Page 10 of If The Fates Allow

Page List

Font Size:

“Ailments of the mind can be as debilitating as physical ones.”

Willa blinked at him standing there, looking handsome in the candlelight. Her mother always kept Haven well-lit during The Gathering. There wouldn’t be a dark corner or shadowed spot anywhere on the ground floor.

Yet in the flickering glow, shadows played across Noah Anderson’s outrageously handsome face, giving him an almost sinister appearance. In truth, the dance of dark and light only increased his beauty, if a man could be called beautiful, and made her want to inch closer to see if he might truly be the devil in disguise.

“Are you implying that my lungs’ inability to function properly is all in my head?” she asked casually as she fiddled with lace trim on her white kid gloves.

“It’s happened before.”

He waited as she mulled over his words, clearly not realizing that the debate going on in her mind had nothing to do with whether he was correct or not. Finally, after deciding not to hurl him and his implied diagnosis right down the stairs, Willa looked down her nose at him. “I am not upset by crowds, Dr. Anderson.”

“Noah, if you please.”

He was testing her. Gauging to see if her reaction was indeed from some unknown hysteria or, worse, from him.

“I would love to join in the festivities. To dance and engage with people I am not related to or even possibly have a conversation with a person who does not have fur.”

He let out a short laugh. “Cats are not people.”

“Well, they certainly converse better than most.”

“Only because the conversation is one-sided.”

It was her turn to squelch a smile. “Not true. Bonnie has a tabby who is quite vocal when he disapproves of something.”

The noise in the hall grew in volume as the foremen from the mill arrived with their families. It was the one time of the year Stephen Fairweather permitted them admittance into his home.

Noah joined her at the banister. “A full house tonight,” he remarked, his mouth entirely too close to her ear. “Will the mill workers arrive next?”

A heaviness settled in, his words carrying more weight than he realized. “The workers do not come anymore. Only the supervisors and their families are invited.”

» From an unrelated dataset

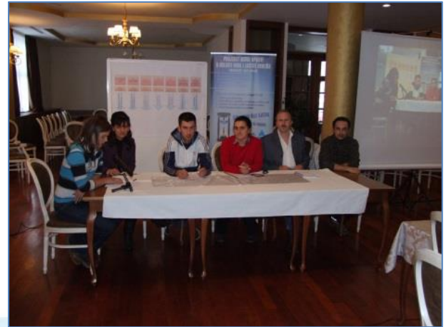
"Public relations and public involvement" training 27/3/2013

After the preparatory activities, an introductory press conference and performance have been organized and held at the town square in Bihac for the purpose of informing the general public.

“Why don’t the workers come?”

Willa turned to speak directly to him and sucked in a sharp slice of air, her head nearly knocking into his. He was close—too close—his face mere inches from hers. Not that she minded. He smelled delicious, and his jawline was still in need of a shave, the dark stubble making her wonder if it felt as rough as it looked. Maybe she might like to run her tongue across…

Tongue?

Good heavens.

Her spine snapped straight. What on earth was wrong with her?

“I’m going to be working with them,” Noah went on as if the world hadn’t tipped on its axis, knocking her off their earthly plane and straight into the pits of a harlot’s hell. “My plan is to care for the mill workers until my time is up here. There’s a small building between our property and yours, and I mean to utilize it. Although it will probably take me until I leave to get it sorted.”

“That will be lovely,” she replied, determined to keep her mind from wandering. “And needed.”

Their gazes connected when he heard the tremor in her voice, and Willa imagined this was what it must feel like to stand on a mountaintop.Dizzying heights and thin air, where the urge to jump feet first off a cliff became as loud as the heartbeat in your ears.

“Willa, are you positive you’re alright?”

Why did his eyes continuously seek her mouth? Was there something on it? Had she not wiped all the cream from her lips after sneaking a pastry with Bonnie before retiring to her perch on the stairs?

“Willa?” His baritone voice had the hairs on her arms standing straight up. “Answer me.”

She almost didn’t, wanting to hear him say her name again. “I’m fine.”

“Since you keep insisting that you’re fine, even though you’re breathless every time we speak,” giving her room, he lowered himself to the step below, “then will you do me the honor of taking a turn about the party with me.”

“Excuse me?” Oh, dear. That had come out louder than she expected. “Me?”